Question

The lengths of $40$ leaves of a plant are measured correct to the nearest millimeter, and the data obtained is represented in the following table:

Length(in mm)	Number of leaves
$118 - 126$	$3$
$127 - 135$	$5$
$136 - 144$	$9$
$145 - 153$	$12$
$154 - 162$	$5$
$163 - 171$	$4$
$172 - 180$	$2$

Find the median length of the leaves.

Answer 1

Hint: The data needs to be converted to continuous classes for finding the median. Therefore, $0.5$ has to be added and subtracted to upper class limits and lower class limits respectively. The classes then change to $117.5 - 126.5,126.5 - 135.5....171.5 - 180.5$.
 The formula used to find the median of a given data is as follows: $Median = l + \left( {\dfrac{{\dfrac{n}{2} - cf}}{f}} \right) \times h$
Where $l$ is the lower limit of median class, $n$ is the sum of all frequencies, $cf$ is the cumulative frequency before the median class, $f$ is the frequency of median class and $h$ is the size of median class.

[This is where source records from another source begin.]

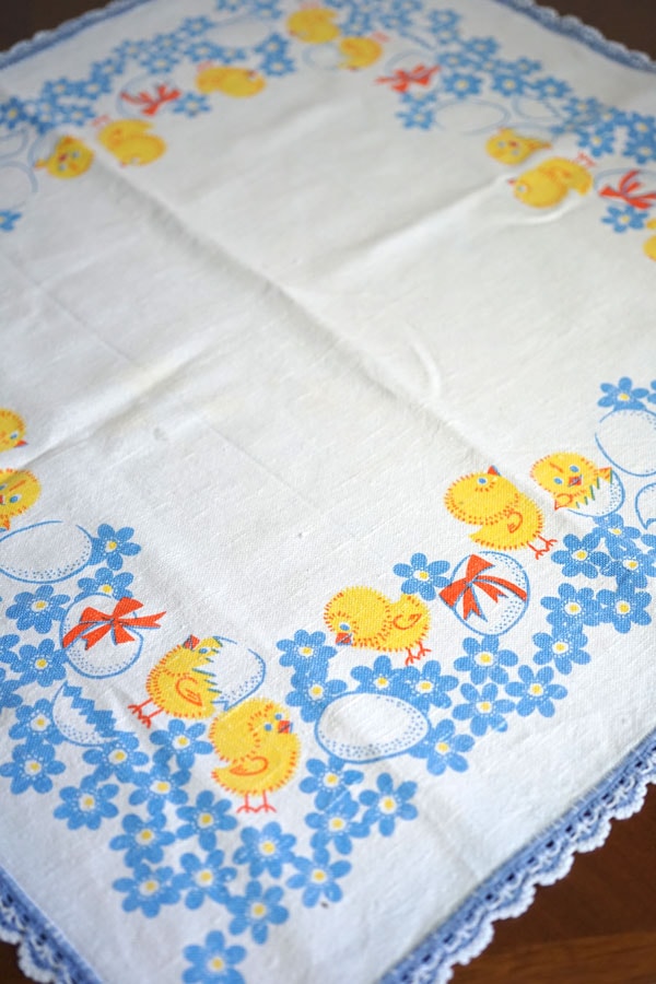柔らかなリネン生地に、ひよことたまごの可愛らしい絵柄が描かれ、縁には手編みのクロシェレースが丁寧に施されています。
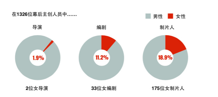 而在美国的电影幕后工作人员中,男女比例更是严重失衡。在2014年100部大热影片中幕后共有1326名主创人员。其中,仅有两名女导演(占导演总数不到2%),33位女编剧(占编剧总数的11.2%),以及175位女制片人(占制片人总数的18.9%)。
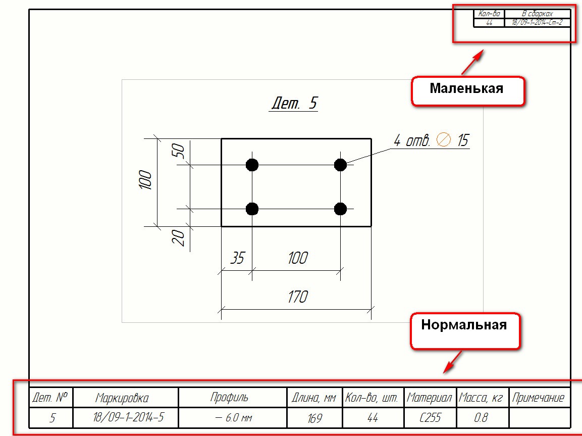 Стал пользоваться чертежами отдельных деталей на отдельных листах. Очень удобно, меньше проблем. Но очень маленькие таблица количества деталей и текст в ней, при распечатке не всем видно. А тем более в условиях цеха. Просьба увеличить табличку до размеров нижней.
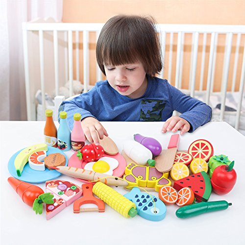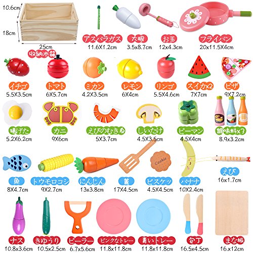 - 【木製おもちゃ・マグネット式長持ち】 マグネットが埋め込まれている、画期的なおままごとシリーズ♪繰り返し遊んでも外れる心配がなく何度もサクサク本格ままごとが楽しめます! 天然木を採用しており、切ったときにしっかりとサクッと切れる感覚を実現させる。しかも、すべて角が丸くなっていて、ケガを心配要りません。子供が噛んだりしてもいいので安心して遊べます。
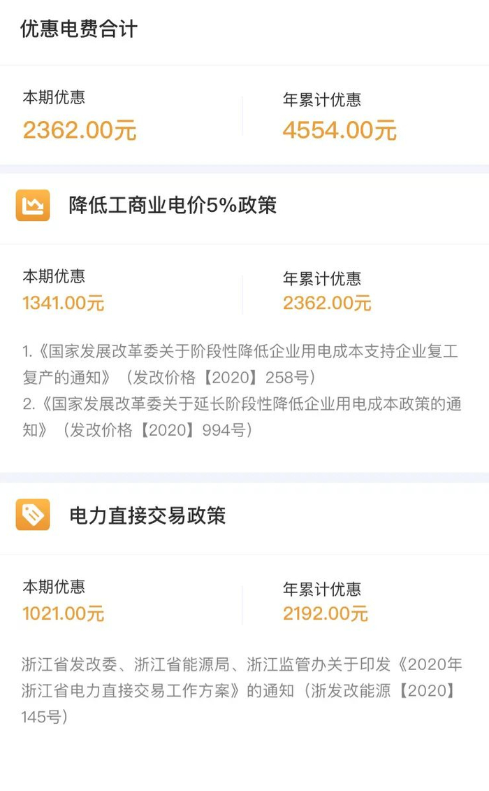企业可以查询到当月可享受的各类优惠政策及优惠的电费金额,从而更有针对性地利用优惠政策节省电费。
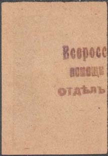 | Примечание: Примечание(я): 1. Марки данного выпуска продавались по фикси-рованной цене – 10 к. 2. Сущесвуют марки данного выпуска с контроль-ным штампом черного и фиолетового цвета с тек-стом в три строки: «Всероссийский Городской Союз помощи больным и раненым воинам отдел по сбору пожертвований» как на лицевой, так и на оборотной стороне марочных листов. Штамп ста-вился сразу на три соседние марки. 3. Края марочных листов не перфорировались, поэтому краевые экземпляры марок не имеют перфорации с одной стороны, а угловые с двух сторон. 4. Вероятно, марки данного выпуска печатались в малых листах, содержащих 12(3 х 4) шт. марок. Полный лист в настоящее время не найден. Максимальный известный фрагмент листа содержит 9(3 х 3) шт. марок. | |||||||
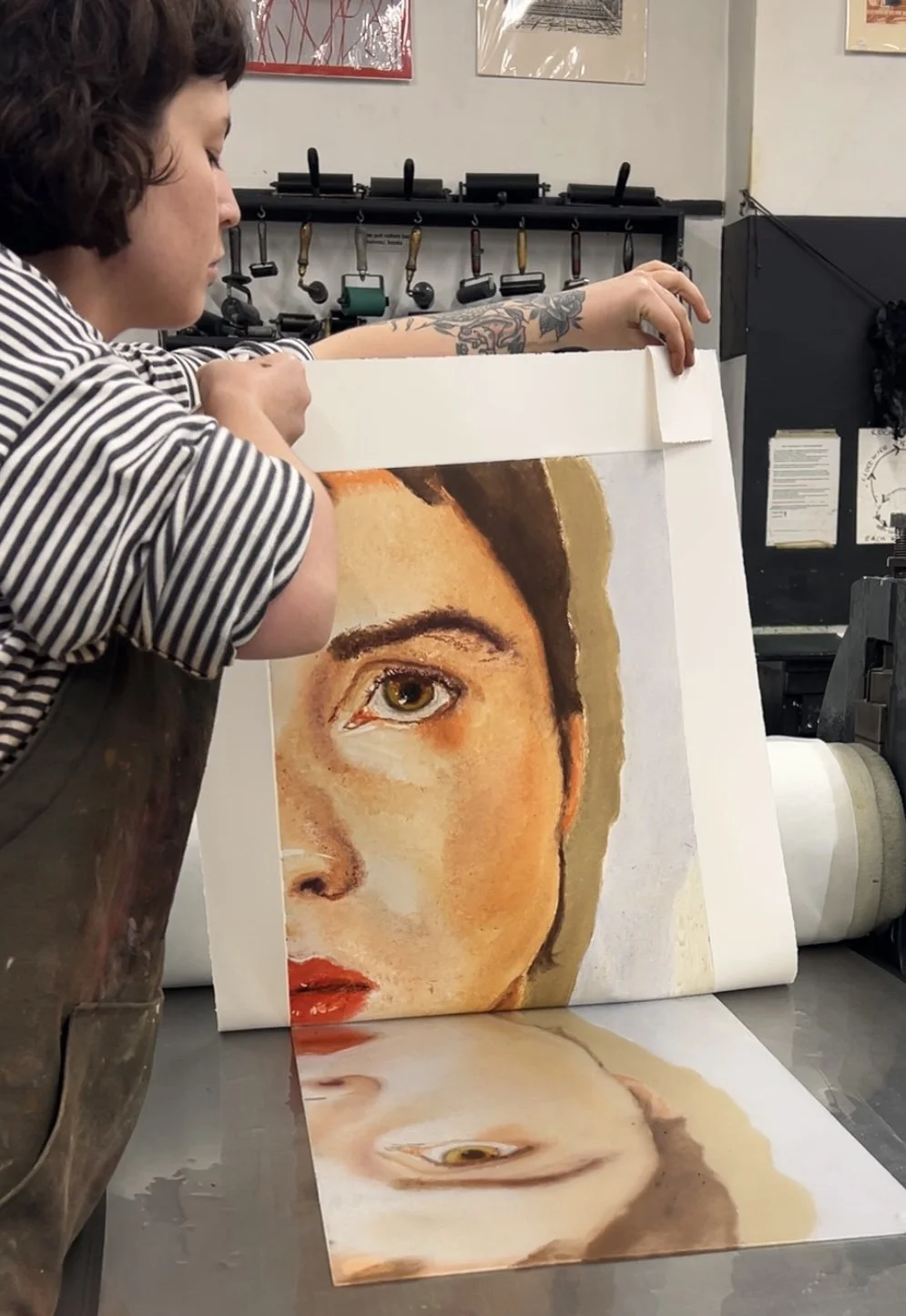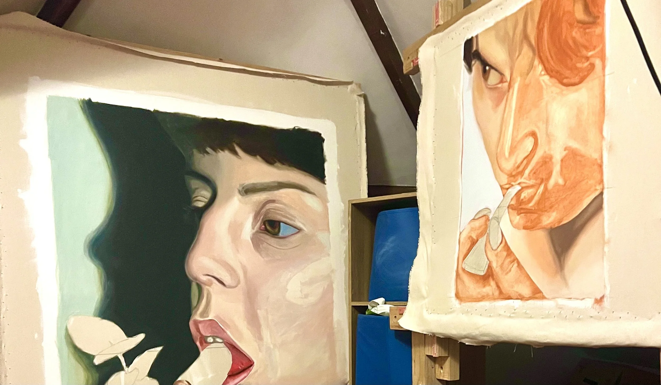 Erin Rosalie Thomas is a painter and printmaker whose practice explores emotional nuance, body language, and facial expression as primary forms of communication. Her work focuses on hyper-zoomed perspectives of the human face and body, examining the subtle moments where emotion and expression converge. By isolating the face from its external context, Erin creates surreal, intimate compositions drawn from everyday actions and emotions. These cropped perspectives invite viewers to reconsider what might be overlooked with excessive visual information. She encourages a deeper engagement with the human experience, positioning the viewer in an unbounded and voyeuristic encounter with another person’s inner world.
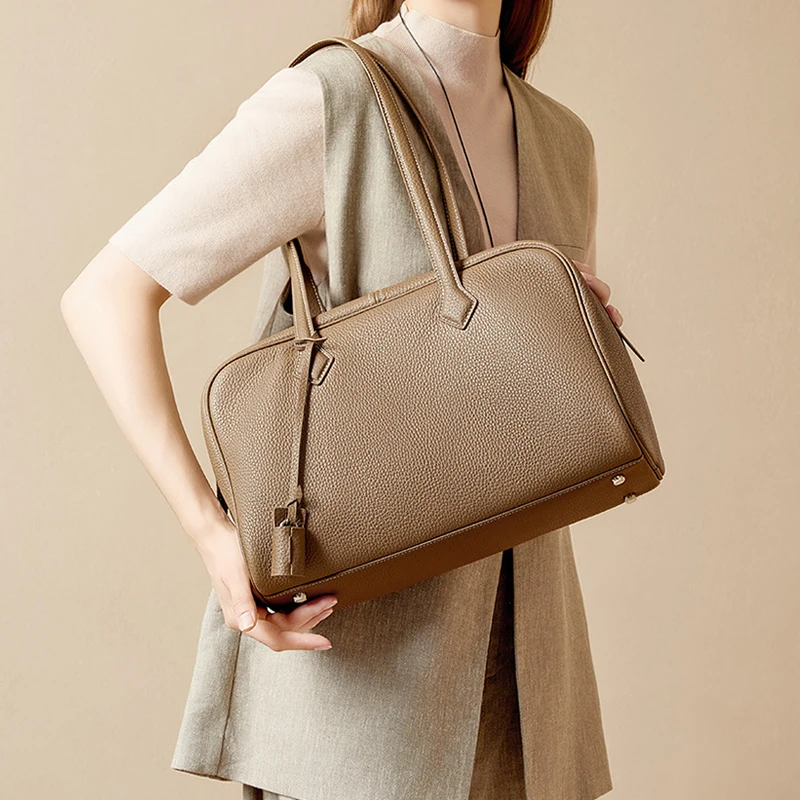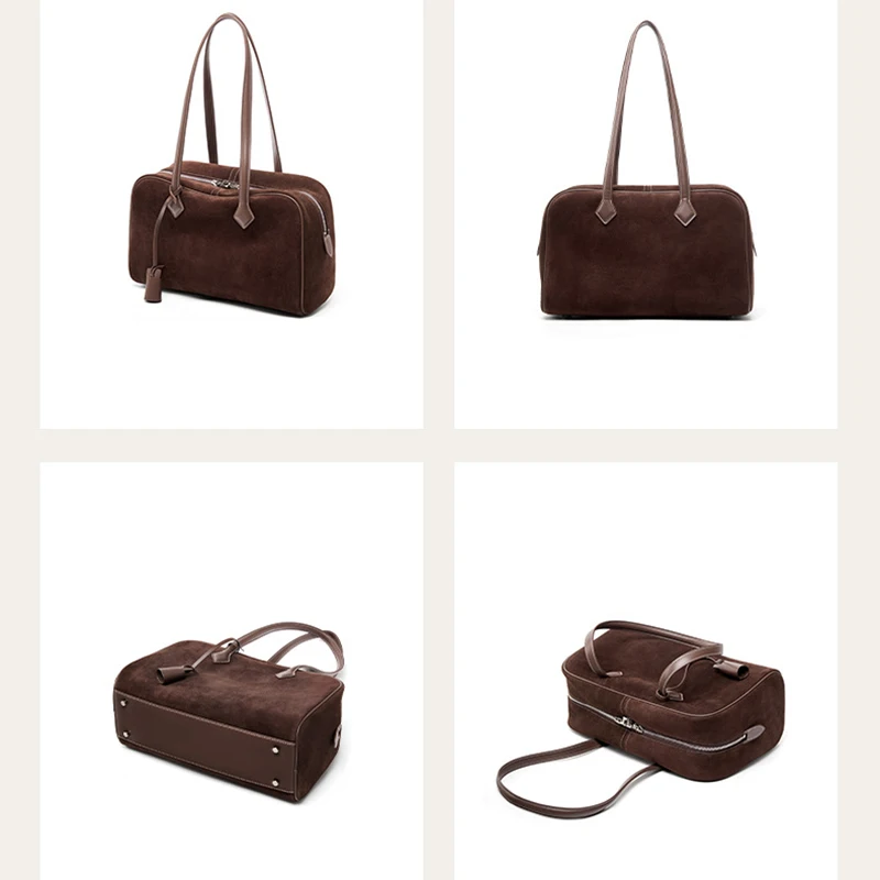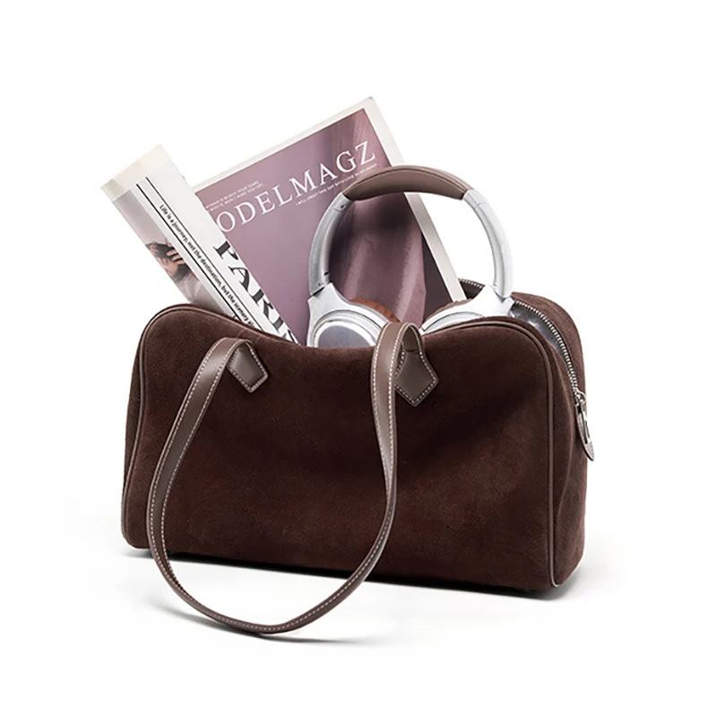 Women Business Premium Versatile Boston Bag 2025 New Suede Leather Bowling Handbag Large Capacity Underarm Single Shoulder Pack
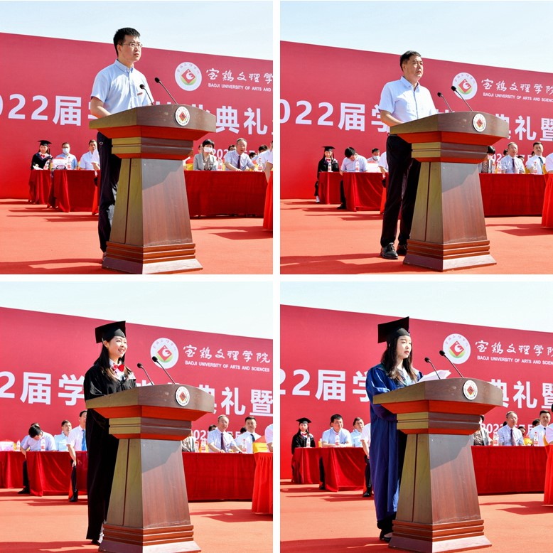 化学化工学院冯海涛博士代表全体教师向即将开启人生新篇章的2022届毕业生致以最诚挚的祝贺和最衷心的祝福,愿他们坚守初心、砥砺前行,积极乐观、少些抱怨,内心善良、眼里有光。2022届毕业生家长代表李建伟先生向顺利完成学业的2022届毕业生表示祝贺,向为培育孩子们成长尽心竭力的全体教职员工表示最诚挚的感谢,并叮嘱同学们要牢记母校恩、不忘同学情、保持平常心。教育学院本科毕业生黎玥、化学化工学院硕士毕业生沈楠分别代表全体毕业生向辛勤培养他们的领导和老师致以最崇高的敬意,向操劳的父母表示最衷心的感谢,向朝夕相处的同学们送上最真诚的祝福,愿母校欣欣向荣,蓬勃发展。
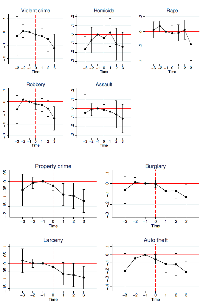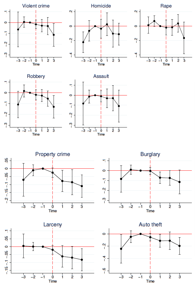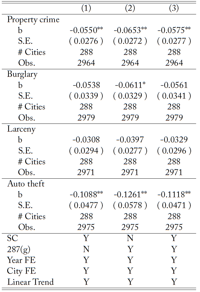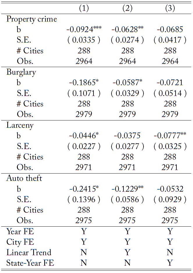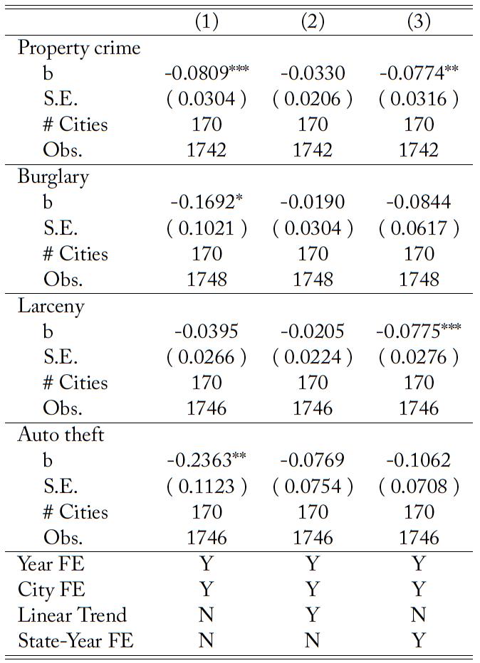 Finally, the third column controls for the time trend as state-year dummies instead of linear trends. The state-year dummies cause the effects on the property crime and auto theft rates to vanish but make the larceny rate significant. The property crime rate shows a similar effect in terms of magnitude, but the standard error is relatively high. The auto theft rate becomes insignificant due to a smaller point estimate and the high standard error.
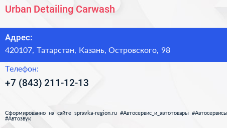 Urban Detailing Carwash по адресу 420107, Татарстан, Казань, Островского, 98 в дальнейшем Организация, размещена в следующих категориях:
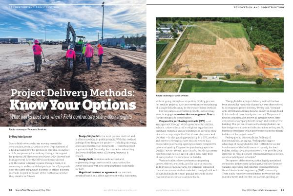 Various builders have preferences regarding project delivery methods , and for various reasons . Todd Penley of GeoSurfaces , for example , explained the various scenarios that make both design / build and design / bid / build the most popular methods on the market when it comes to athletic fields .
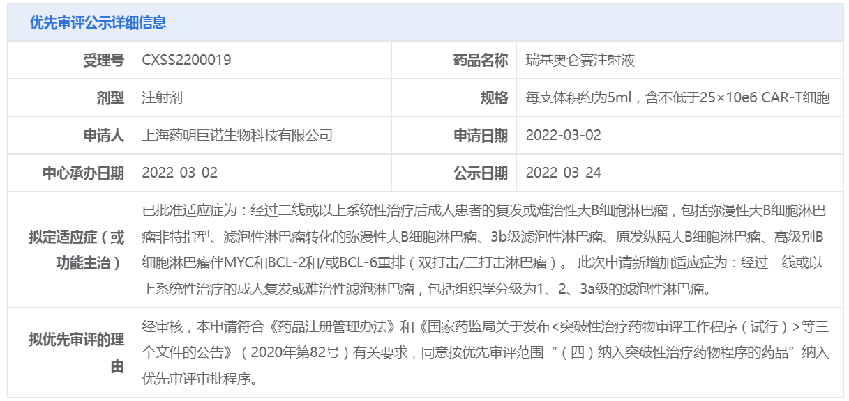 3月24日,CDE官网最新显示,药明巨诺CAR-T疗法瑞基奥仑赛注射液新适应症拟纳入优先审评。此次申请新增加适应症为:经过二线或以上系统性治疗的成人复发或难治性滤泡淋巴瘤,包括组织学分级为1、2、3a级的滤泡性淋巴瘤。
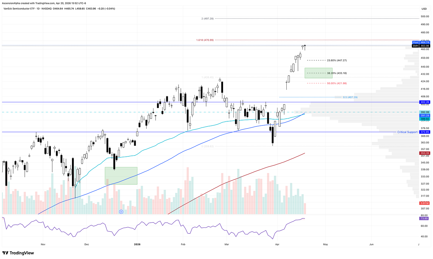 SMH is approaching its 161.8% extension of the March drop near $470. That level should act as a reasonable resistance target for the market leading ETF, especially if price can reach it this week. This would likely coincide with NVDA filling its gap at $205.56. From there, I would expect a pullback toward the $430 area on SMH, followed by another push higher, potentially into the $495 to $500 range. I’ll be watching these levels closely and looking for opportunities to position for the next leg up.
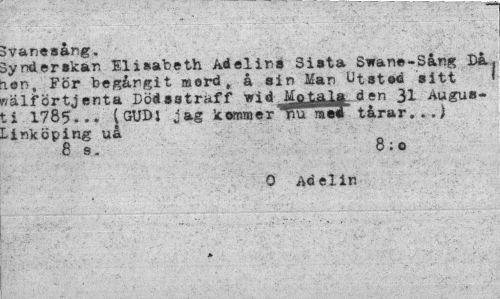 //// Svanesång. //// Synd er»kan Elisabeth Adelins Sista Swane-S&ng Da nsn. För begångit mord, å sin Man Utstod sitt I wälförtjenta Dödsstraff wid Mytala den 31 Augusti 1785... jGUDJ jag kommer t'u rasa tårar...) Linköping uå //// 8s. 8; o //// O Adelin //// f» ////
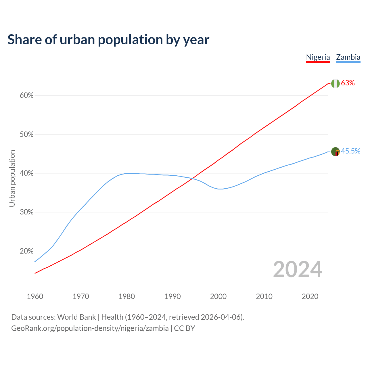From 2004 to 2024, the share of urban population changed from 46.7% to 63% in Nigeria and from 36.8% to 45.5% in Zambia.
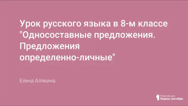 Интегрированный урок русского языка и литературы для учащихся 8-го класса по теме «Односоставные предложения. Предложения определенно-личные». Данный урок проводится с применением ИКТ. Работа с информацией на слайдах позволяет учителю организовать самостоятельную работу учащихся.
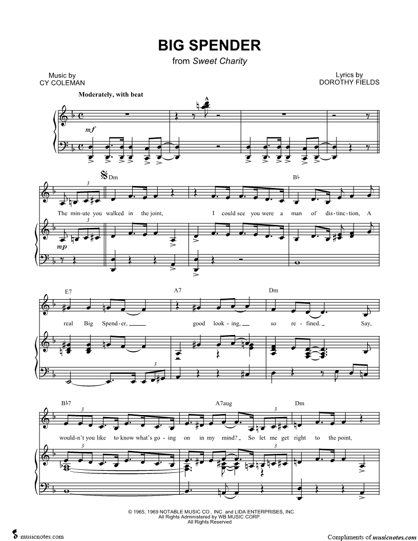 The minute you walked in the joint, I could see you were a man of distinction, A real Big Spender, good looking, so refined. |
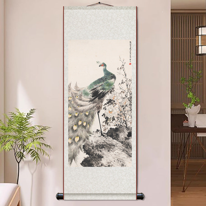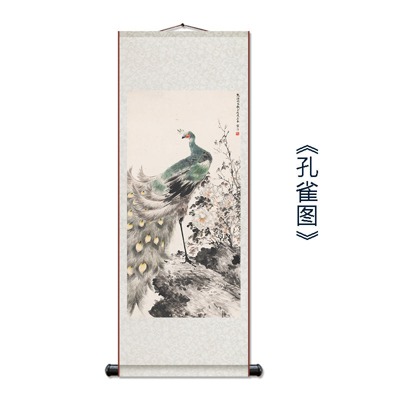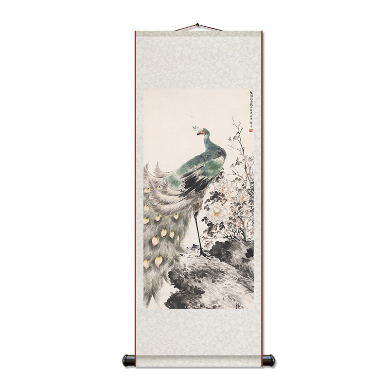 Silk Wall Scroll Peacock
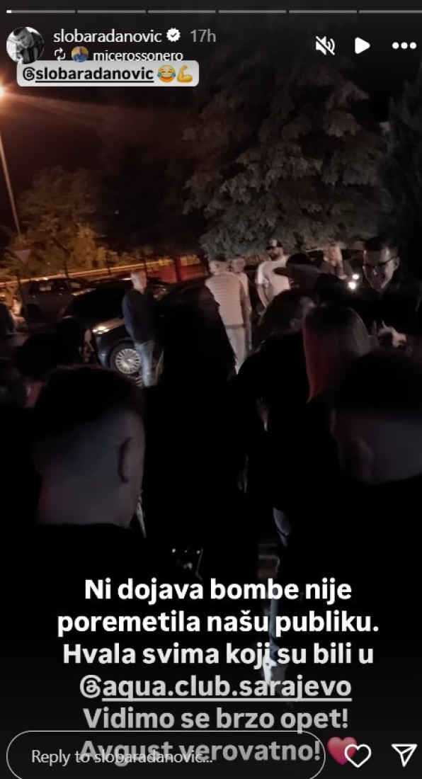 Информацијата за наводната бомба била лажна, а по оваа ситуација, Слоба сподели објава на Инстаграм во која вели дека „дури ни дојавата не ја вознемирила публиката“.
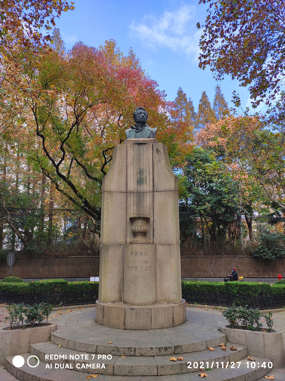 别看岳阳路低调,它背后蕴含的历史、文化背景却是十分丰富。东平路路口的三角花园内,有普希金雕像,就是一处上海的人文地标。1937年由上海俄侨为纪念俄国诗人普希金逝世100周年集资建造。雕像周围有四、五条林荫覆盖的小马路,而俄国诗人那张英俊的、轮廓分明的脸,忧郁而宁静地朝着的,就是岳阳路。同样,岳阳路内敛、低调的气质,也正好暗合“人文地标”四个字的深层含义。

Complete step-by-step answer:
The continuous class interval with respective cumulative frequencies can be represented as follows:

Length(in mm)	Number of leaves$\left( f \right)$	Cumulative frequency$\left( {cf} \right)$
$117.5 - 126.5$	$3$	$3$
$126.5 - 135.5$	$5$	$8$
$135.5 - 144.5$	$9$	$17$
$144.5 - 153.5$	$12$	$29$
$153.5 - 162.5$	$5$	$34$
$162.5 - 171.5$	$4$	$38$
$171.5 - 180.5$	$2$	$40$
	$n = \sum {f = 40} $

From the table, we obtain $n = 40 \Rightarrow \dfrac{n}{2} = 20$
Cumulative frequency $\left( {cf} \right)$just greater than $\dfrac{n}{2}$$\left( {i.e.,20} \right)$ is $29$,which lies in the interval $144.5 - 153.5$.
Therefore, median class=$144.5 - 153.5$
Lower limit of the median class, $l = 144.5$
Frequency of the median class, $f = 12$
Cumulative frequency of the class preceding the median class, $cf = 17$
Class size, $h = 9$
Therefore, $Median = l + \left( {\dfrac{{\dfrac{n}{2} - cf}}{f}} \right) \times h$
$Median = 144.5 + \left( {\dfrac{{20 - 17}}{{12}}} \right) \times 9$
$ \Rightarrow Median = 144.5 + \dfrac{{27}}{{12}}$
$ \Rightarrow Median = 146.75$
Therefore, the median length of leaves is $146.75$.

Note: The cumulative frequency is calculated by adding each frequency from a frequency distribution table to the sum of its predecessors. The last value will always be equal to the sum of all frequencies, since all frequencies will already have been added to the previous total.